EXERCISE AIM: Leave the pictures out, and transcribe the material below exactly from the line with "Red Garnet Earrings" to the line with "体育资讯10月25日讯 拜仁", both lines included.

EXERCISE DATA:
• • •

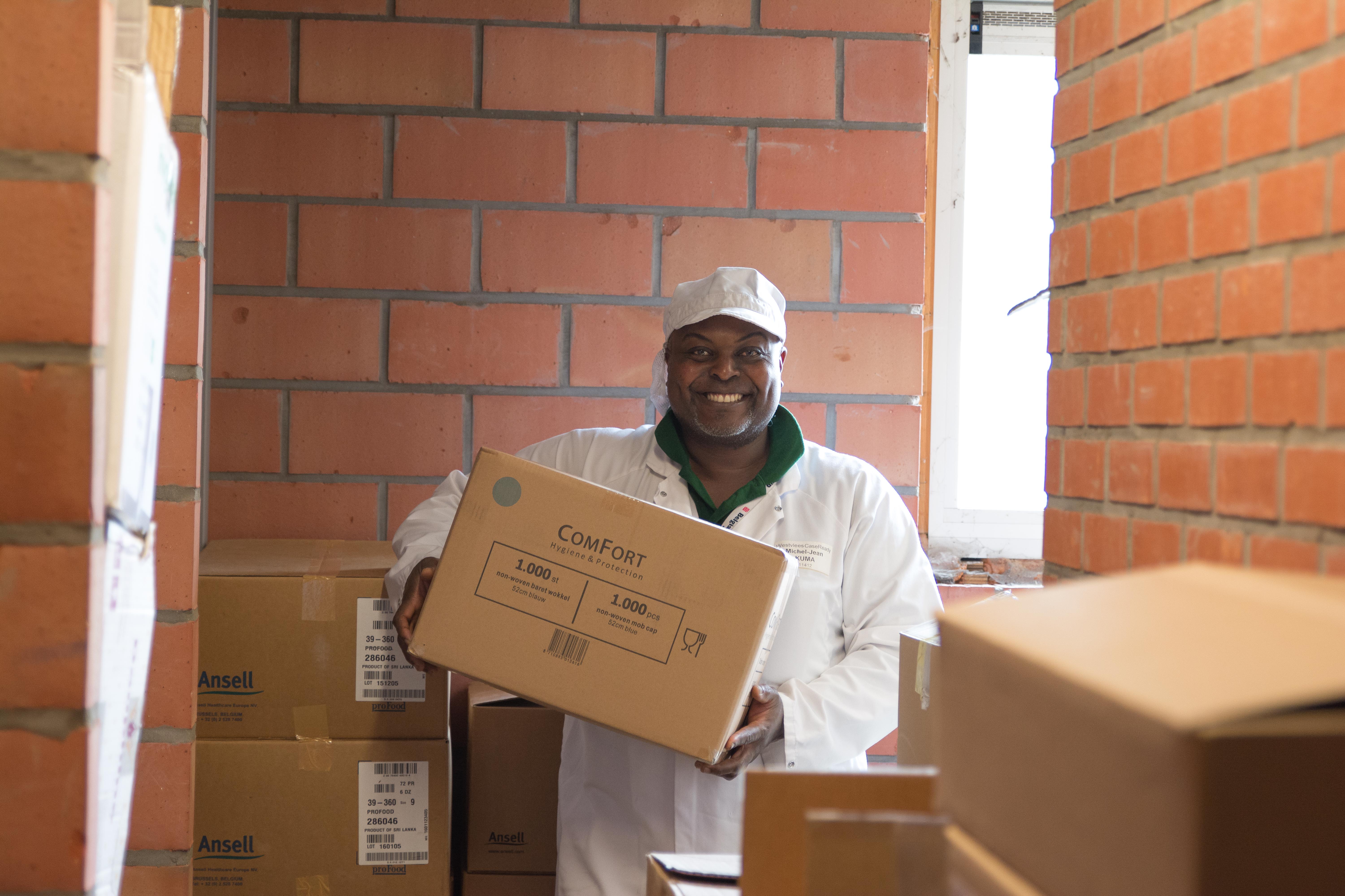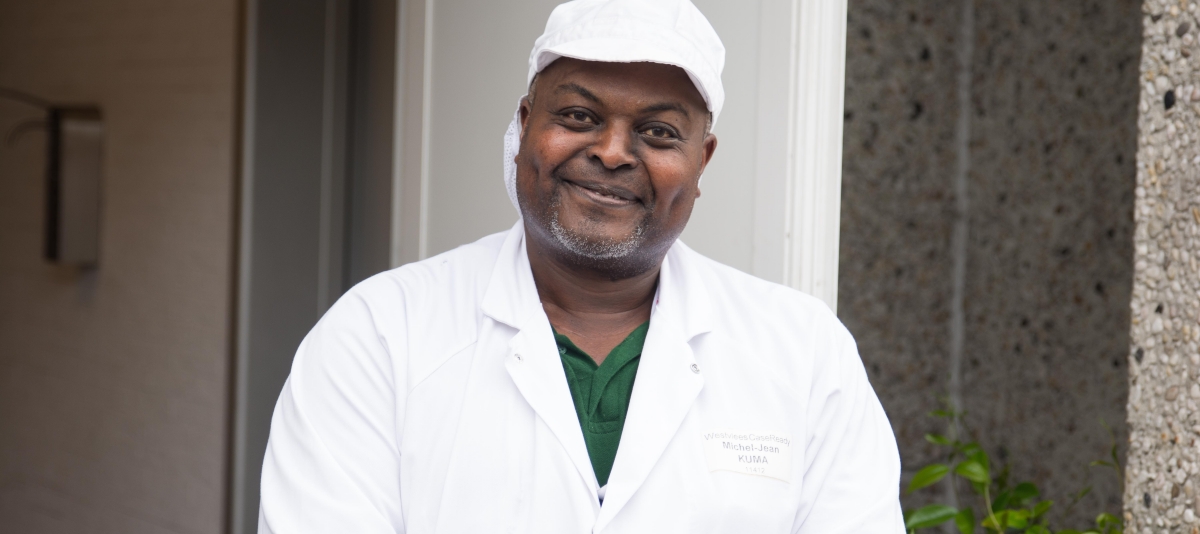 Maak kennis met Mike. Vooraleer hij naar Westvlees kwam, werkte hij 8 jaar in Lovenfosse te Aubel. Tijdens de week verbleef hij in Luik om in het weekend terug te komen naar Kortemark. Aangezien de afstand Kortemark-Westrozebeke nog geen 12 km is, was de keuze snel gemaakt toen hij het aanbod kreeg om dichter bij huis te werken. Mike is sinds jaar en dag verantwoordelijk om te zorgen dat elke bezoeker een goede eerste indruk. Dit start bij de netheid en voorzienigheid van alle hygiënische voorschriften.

• • •

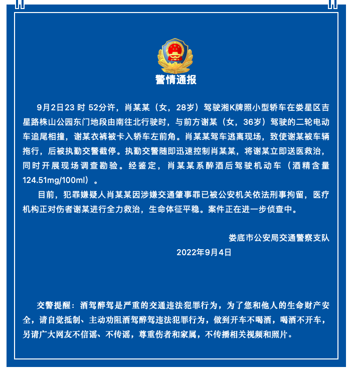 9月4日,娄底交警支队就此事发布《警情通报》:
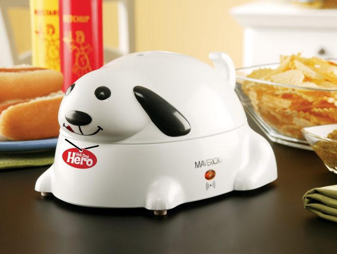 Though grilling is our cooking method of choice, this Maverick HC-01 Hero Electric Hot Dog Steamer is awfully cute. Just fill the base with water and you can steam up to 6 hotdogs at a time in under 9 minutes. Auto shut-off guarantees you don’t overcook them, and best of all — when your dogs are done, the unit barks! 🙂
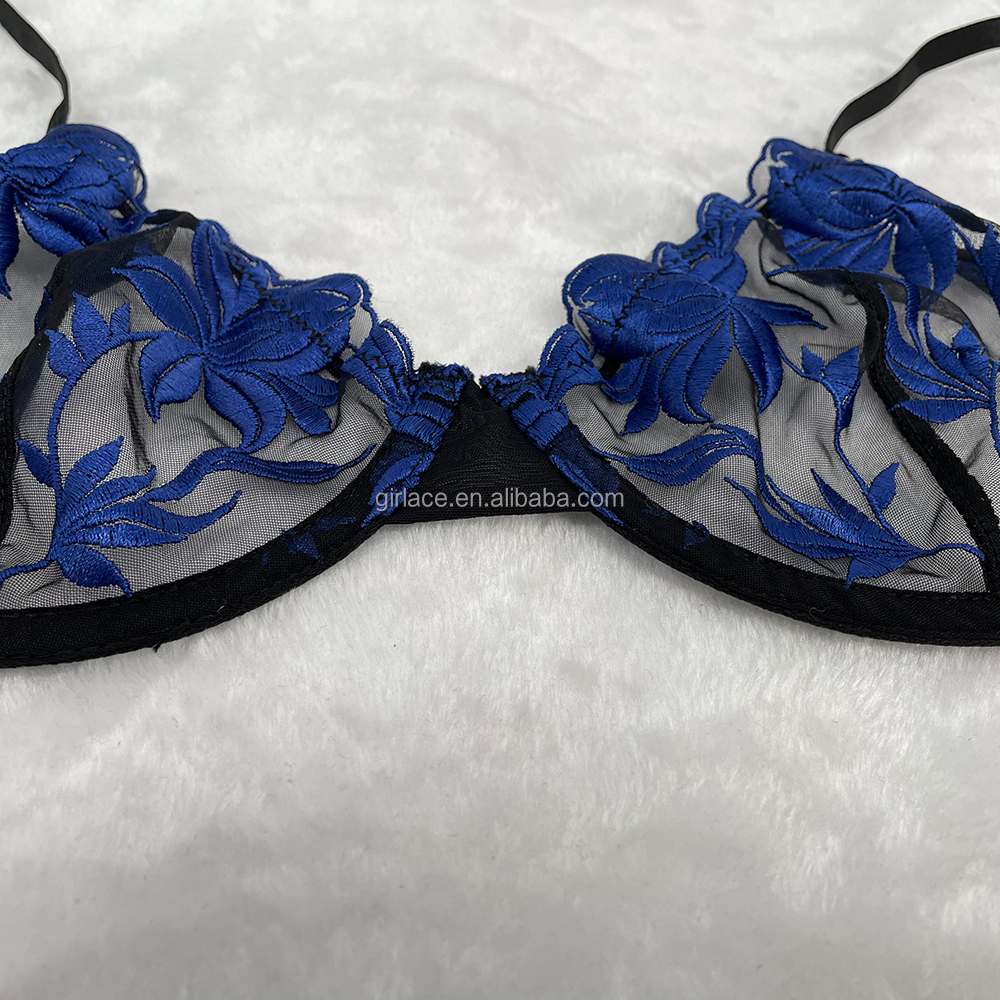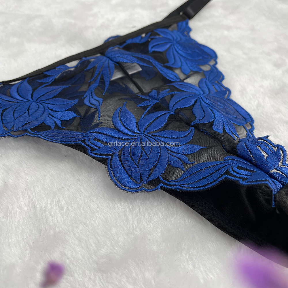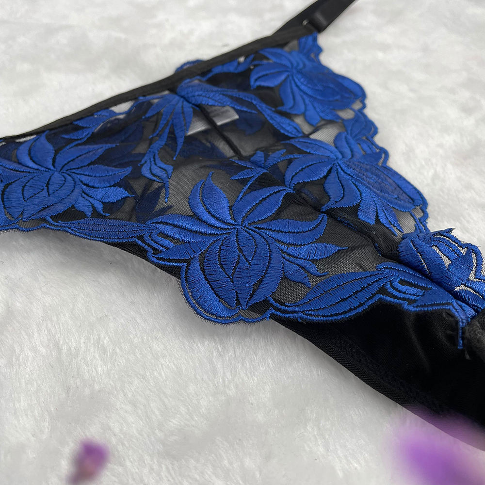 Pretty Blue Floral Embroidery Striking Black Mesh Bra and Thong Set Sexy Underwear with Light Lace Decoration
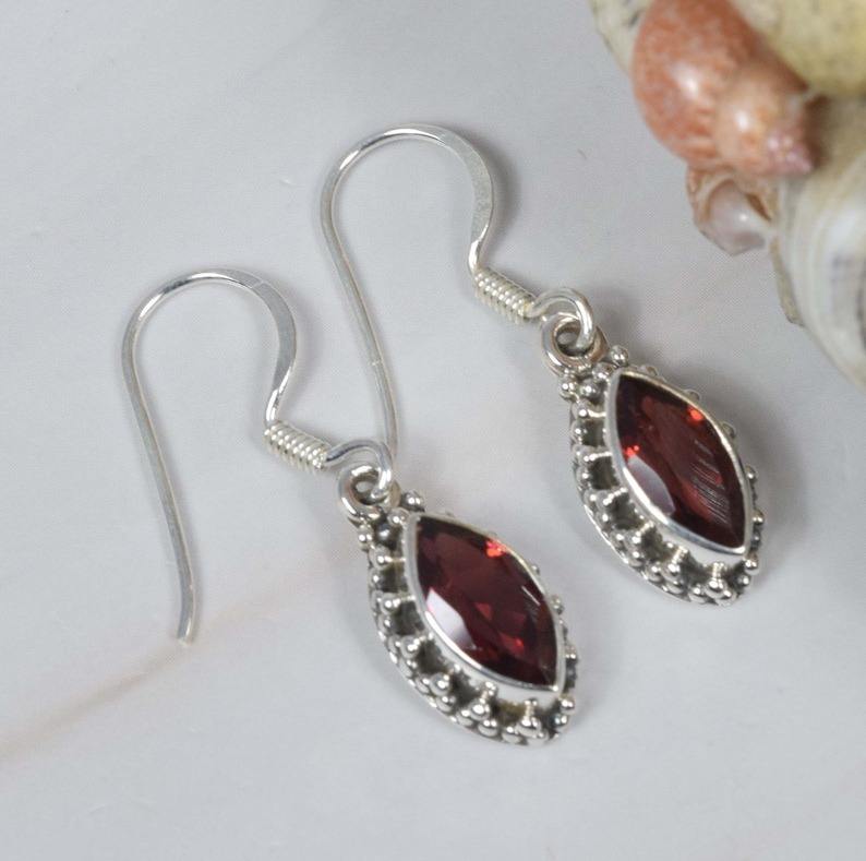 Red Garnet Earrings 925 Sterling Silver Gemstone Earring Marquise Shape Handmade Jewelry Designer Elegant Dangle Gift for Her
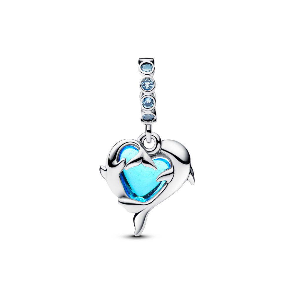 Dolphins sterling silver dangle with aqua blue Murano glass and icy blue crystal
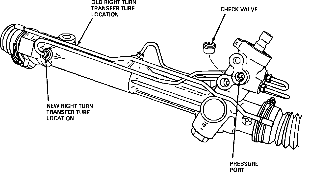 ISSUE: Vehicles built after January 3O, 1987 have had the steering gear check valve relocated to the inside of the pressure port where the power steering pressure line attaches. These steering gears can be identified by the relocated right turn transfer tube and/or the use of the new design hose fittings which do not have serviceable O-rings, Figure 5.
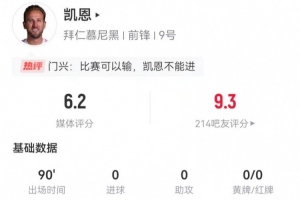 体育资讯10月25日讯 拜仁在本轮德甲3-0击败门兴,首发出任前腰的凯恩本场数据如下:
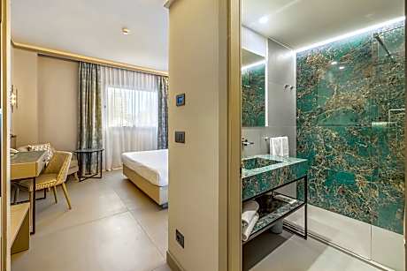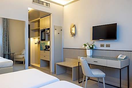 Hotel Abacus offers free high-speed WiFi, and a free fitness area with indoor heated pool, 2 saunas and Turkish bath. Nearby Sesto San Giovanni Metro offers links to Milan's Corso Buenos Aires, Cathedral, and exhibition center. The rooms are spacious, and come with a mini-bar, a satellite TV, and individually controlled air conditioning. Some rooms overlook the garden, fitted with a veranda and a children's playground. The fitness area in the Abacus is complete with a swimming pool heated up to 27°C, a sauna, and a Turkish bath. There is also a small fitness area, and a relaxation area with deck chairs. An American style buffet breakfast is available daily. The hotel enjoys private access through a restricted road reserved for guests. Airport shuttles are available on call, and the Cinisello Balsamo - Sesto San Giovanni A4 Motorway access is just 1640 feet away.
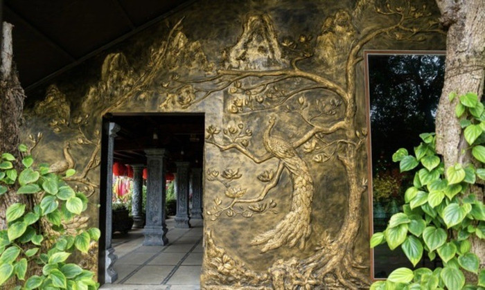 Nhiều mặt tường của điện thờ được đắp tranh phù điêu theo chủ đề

• • •

THE ANSWER:
 Red Garnet Earrings 925 Sterling Silver Gemstone Earring Marquise Shape Handmade Jewelry Designer Elegant Dangle Gift for Her
 Dolphins sterling silver dangle with aqua blue Murano glass and icy blue crystal
 ISSUE: Vehicles built after January 3O, 1987 have had the steering gear check valve relocated to the inside of the pressure port where the power steering pressure line attaches. These steering gears can be identified by the relocated right turn transfer tube and/or the use of the new design hose fittings which do not have serviceable O-rings, Figure 5.
 体育资讯10月25日讯 拜仁在本轮德甲3-0击败门兴,首发出任前腰的凯恩本场数据如下:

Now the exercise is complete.